Stop calling Praefect's Readiness RPC from Rails' readiness endpoint
GitLab Rails has an endpoint for readiness check. This is called periodically to see whether the a given instance of the service is ready to serve traffic for example by a load balancer.
The checks exposed by Praefect's Readiness
RPC are not really a good fit this use case. They were intended to be diagnostic tools that can be used to identify issues for example prior to launching a Praefect. The checks in the RPC open multiple database pools and run heavy queries.

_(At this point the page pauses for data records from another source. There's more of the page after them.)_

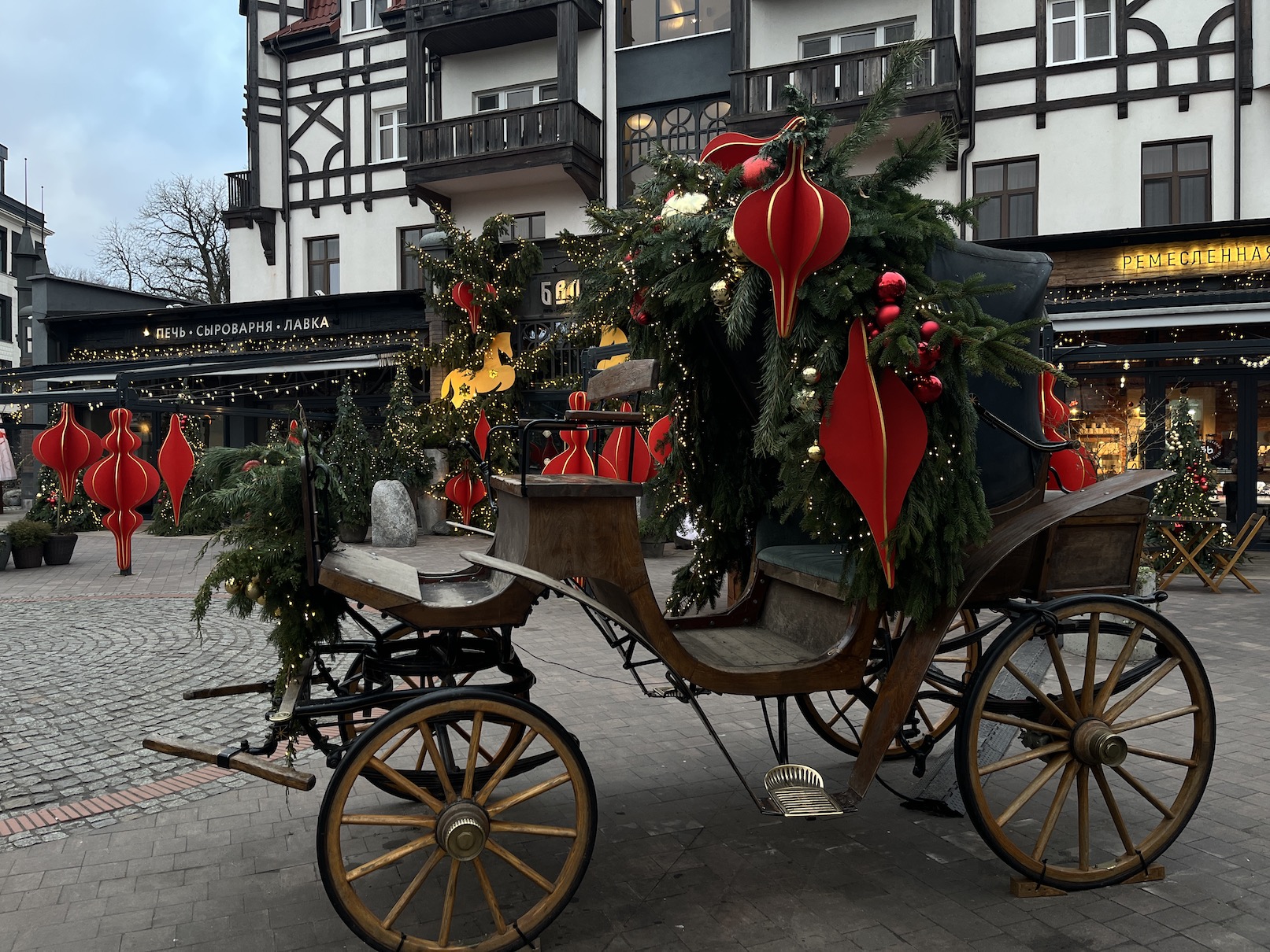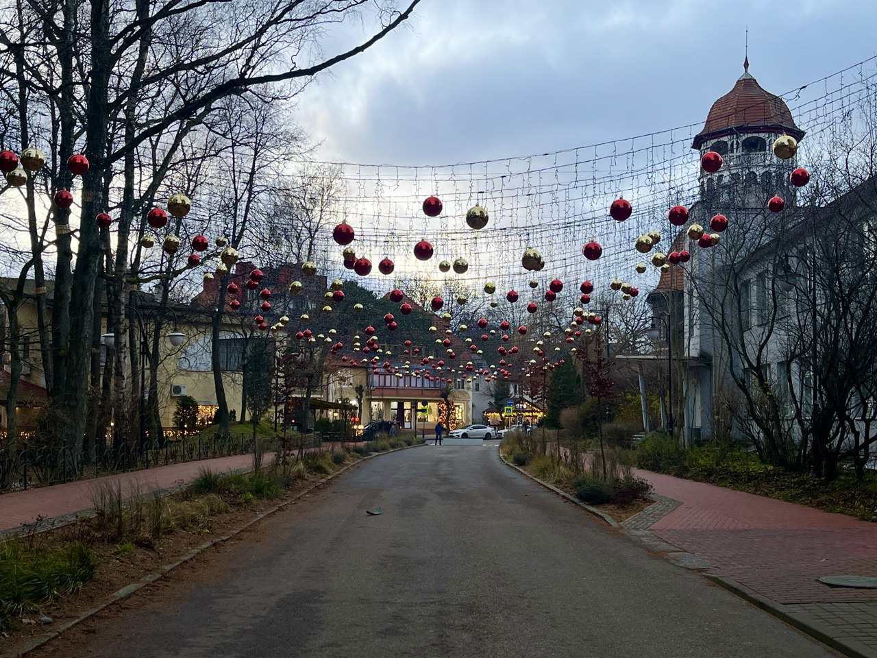 На Курортном проспекте по традиции горят самые яркие украшения. Например, у ресторана «Балт» поставили метровые елочные игрушки и праздничную колесницу, а входную арку украсили символами 2026 года.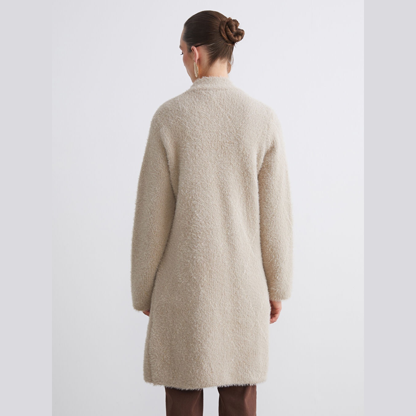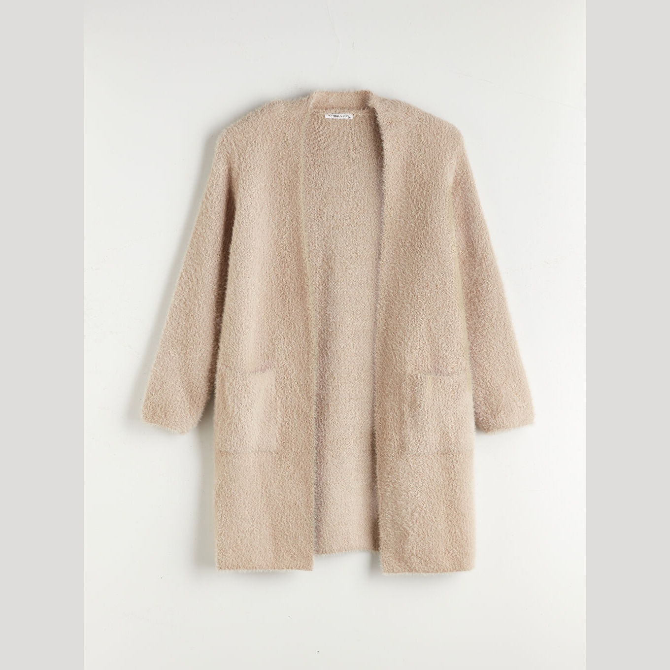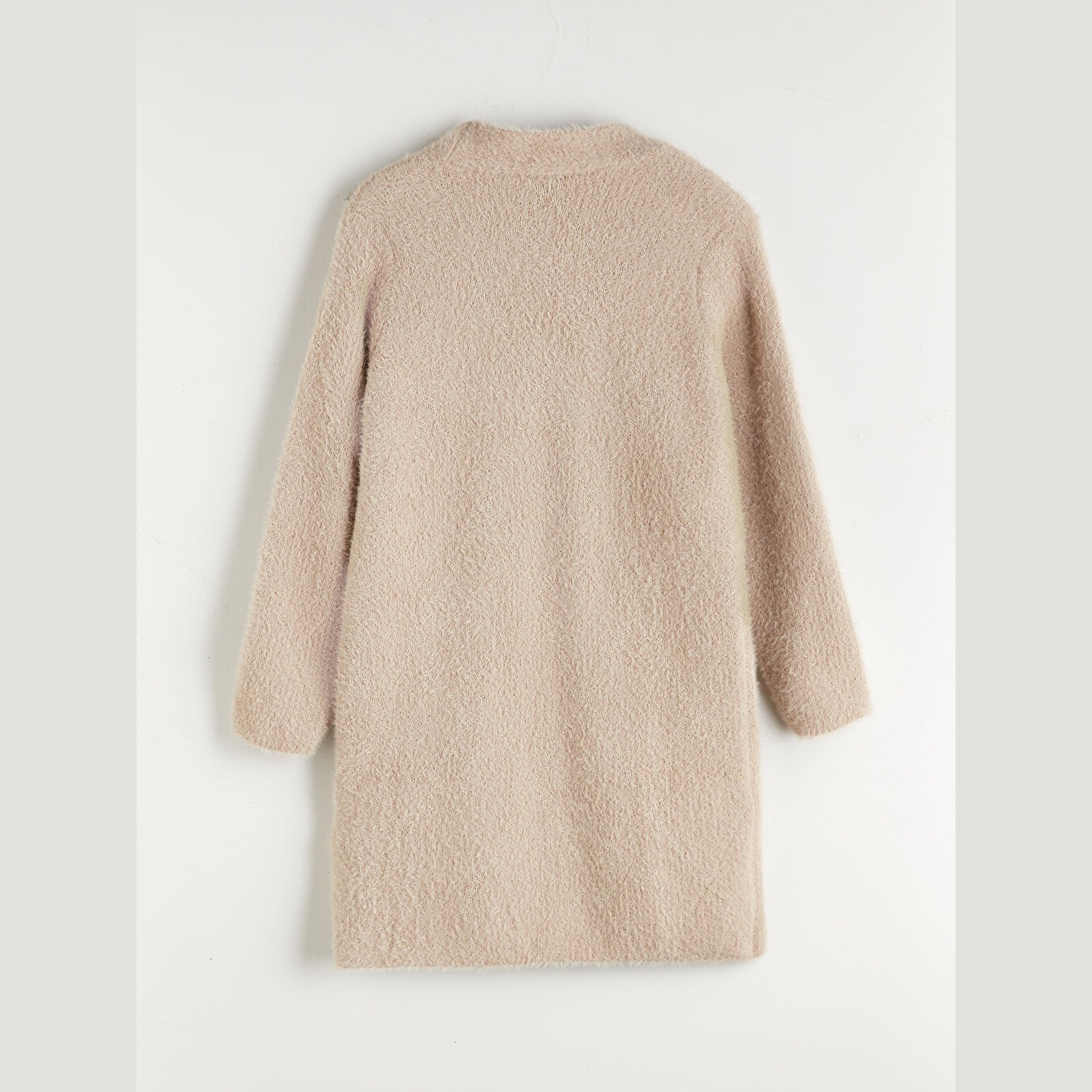 كارديغان نسائي بياقة شال من LCW Classic – بيج (قصة واسعة، خامة تريكو سميكة بخيط معدني، تصميم سادة بطول ميدي، ضمن مجموعة LCW Classic)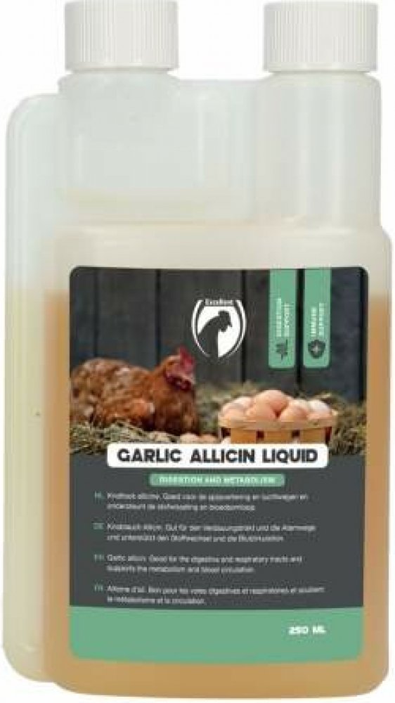 Podporuje imunitní systém a vitalituNapomáhá zdravému trávení a správné funkci střevPůsobí příznivě na dýchací cestyZlepšuje krevní oběhPřirozeně čistí a pečuje o pokožkuVytváří přirozenou pachovou clonu proti vnějším vlivůmObsahuje nejvyšší podíl přírodního alicinu v tekuté formě, jeho účinek je mnohonásobně silnější než běžný česnek. Vhodné pro papoušky, holuby, vodní ptactvo i drůbež.Dávkování:Prvních 7 dní: 5 ml na 1 litr vody denněUdržovací dávka: 2× týdně 5 ml na 1 litr vodyBalení: 250 ml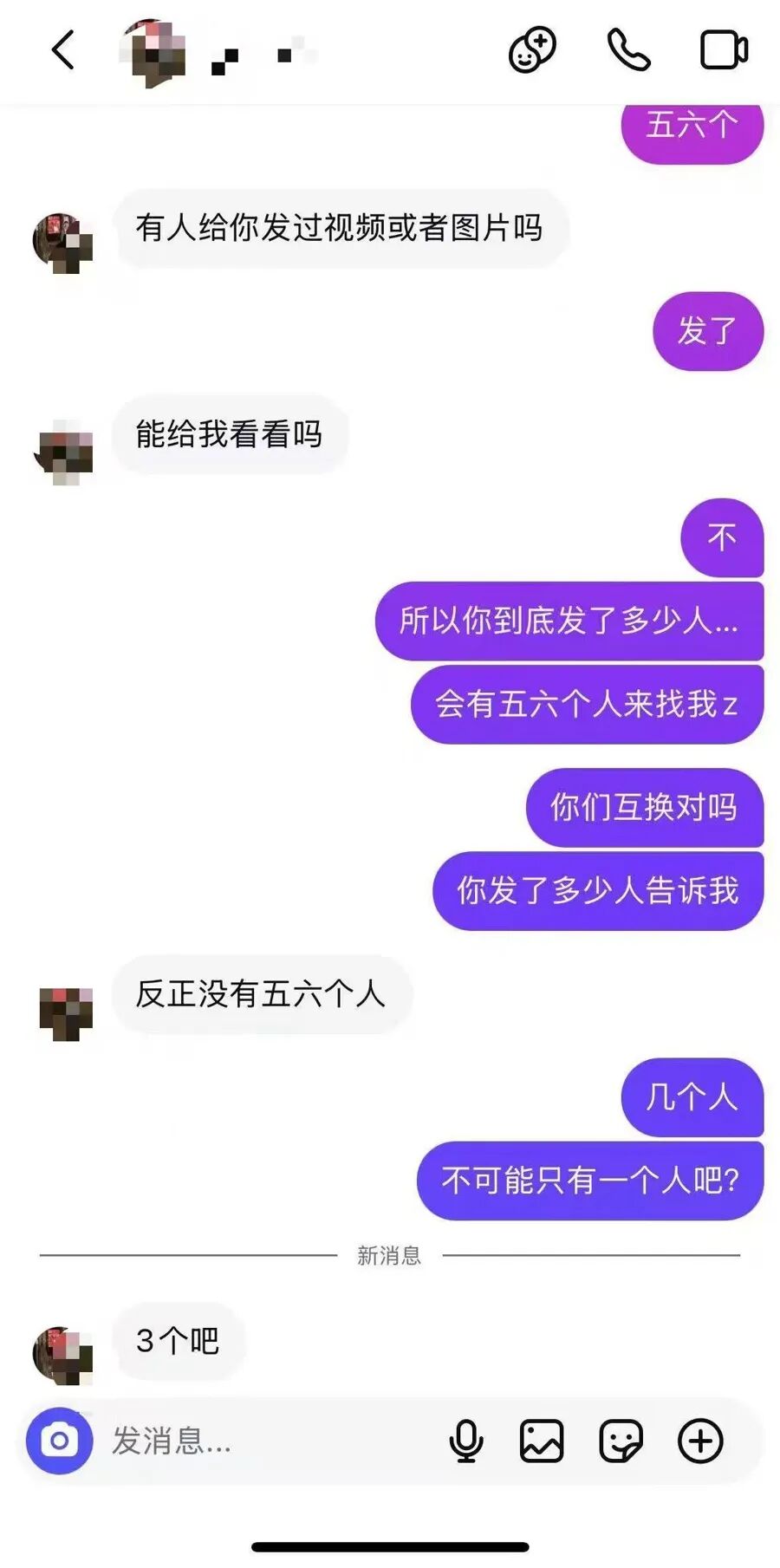很快,同学们好像通过不同渠道知道了这件事。有朋友特意来跟小童聊天,婉转关心她的状态。但也有人从抖音互关列表里找到小童的好友,将照片逐个发给她们,并威胁小童:“我就留着你这个视频,我也不删,不时分享给别人,揭穿你的真面目。”对方还辱骂小童“淫荡”。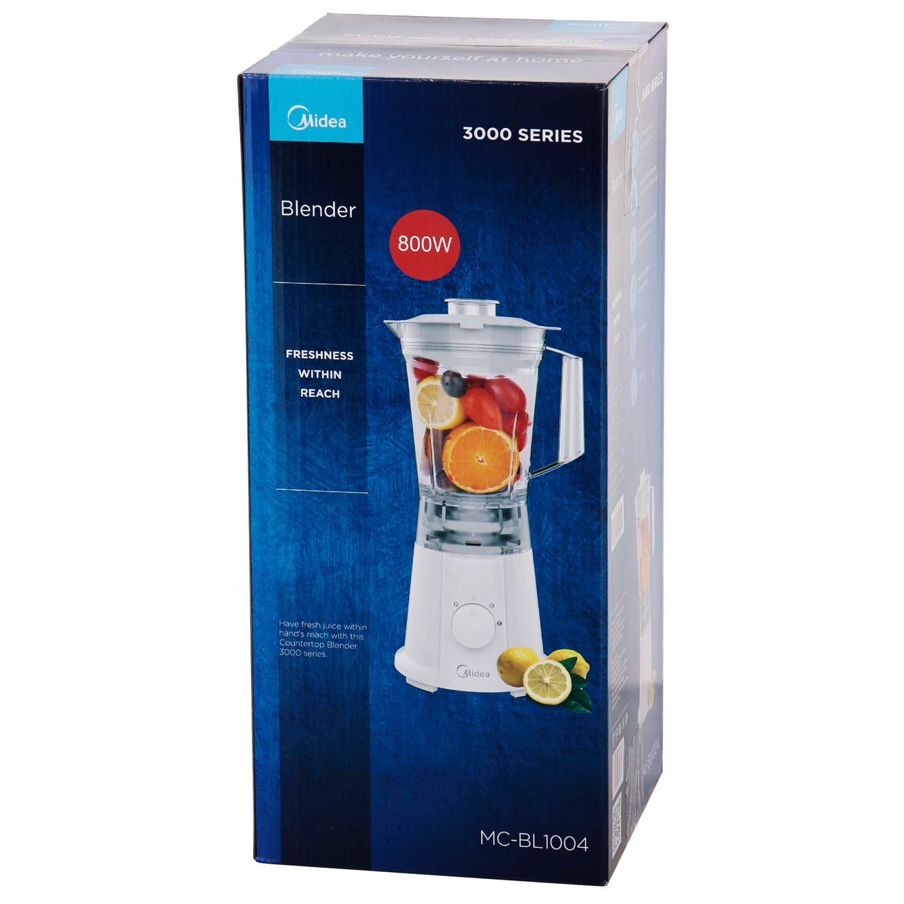 Стационарный блендер Midea MC-BL1004, оборудованный прочными стальными лезвиями, предназначен для измельчения продуктов, перемешивания ингредиентов и взбивания сливок и яичных белков. Специальная функция даёт возможность колоть лёд.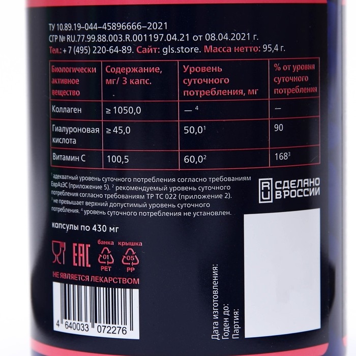 Состав: 3 вегетарианские капсулы (суточная доза) содержат: гидролизат рыбного коллагена – 1050 мг, гиалуроновая кислота – 45 мг, аскорбиновая кислота - 100,5 мг.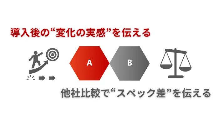 お客さまの頭の中には「で、導入したらどうなるの?」という問いがあります。そこに対し、〇〇というベネフィットを明確に描いてあげることで、導入後の姿がリアルにイメージできます。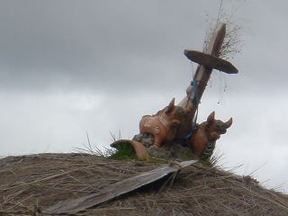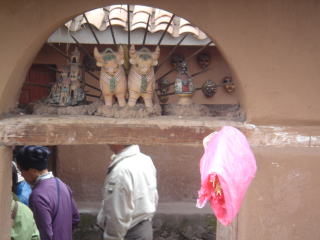 大きなパンが名物の村、インカの門、湿地に半分沈んでいるような瓦製造の村、金無垢の像のある教会、警察学校などを通過後、日本人にも使えるWCがある休憩所へ。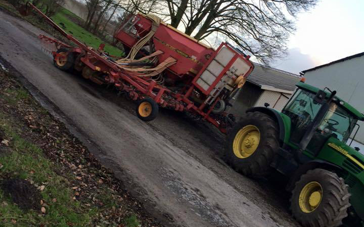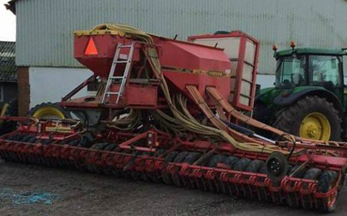 Väderstad rapid 8 meters såmaskine, med frøudstyr og flydende gødning.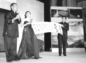 4月25日,著名笑星赵本山(左)为新加坡乒乓女将李佳薇(中)及其丈夫李超送上墨宝和新婚的祝福。当日,李佳薇与丈夫李超在北京饭店举行婚礼。 新华社 发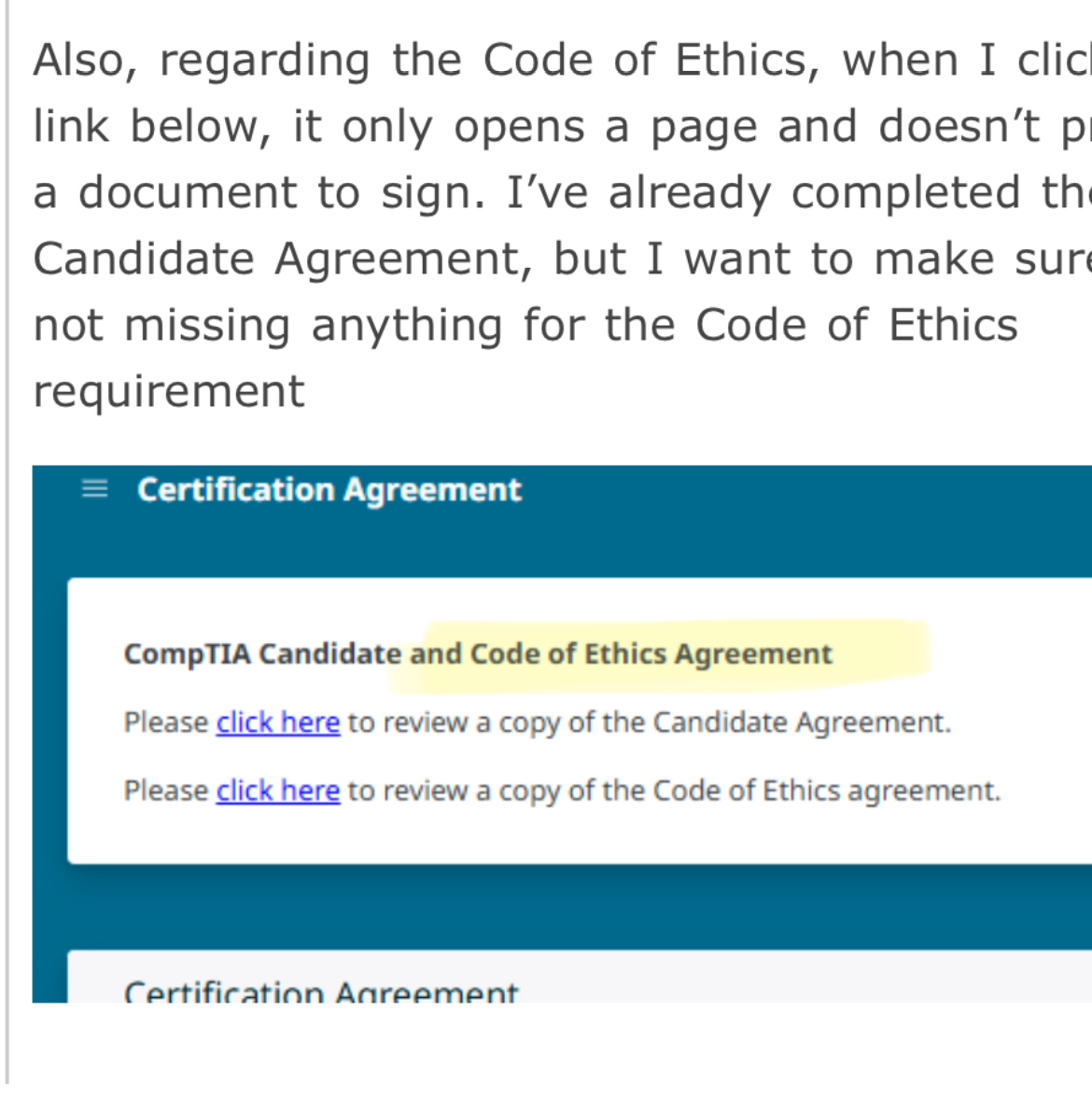 그리고 여기서 끝이 아니고 -_. CompTIA 계정에 들어가서 Candidate Agreement 와 Code of Ethics에 서명도 해줘야 최종 갱신이 마무리된다. 이걸 모르고 CEU랑 결제만 했다가 갱신이 안 됐다고 당황하는 경우가 있다고 하니 참고. 한가지 더 유의할 점은, code of ethics 은 실제로 사인하는 블락은 없고 링크 누르고 페이지 뜨면 대강 훑고만 넘어가면 된다는 점.

They can also lead to cascading failures as the checks fail if a Gitaly node is unreachable or a given repository is unavailable, leading to all Praefect nodes being considered unready to serve.
In gitlab!95243 (merged), the aim was to extend the gitlab:gitaly:check
rake task to run these diagnostic checks. It seems that the same code that was extended is also used by the readiness endpoint which led to these these diagnostic checks being used to consider whether Praefect is ready to serve traffic or not by the Rails API.
We should fix this in Rails by not invoking these checks from the readiness API but invoking them from the rake task.
Alternatively, we could remove the integration in the Rake task. An inherent issue with the integration is that Rails is not aware of the multiple Praefect nodes but calls Praefect through the load balancer. The diagnostic checks thus run on a random Praefect picked by the load balancer. Calling the endpoint again may return different results if there is a problem on one Praefect but not all. It could also return a success and thus confusingly hide an issue present on one Praefect.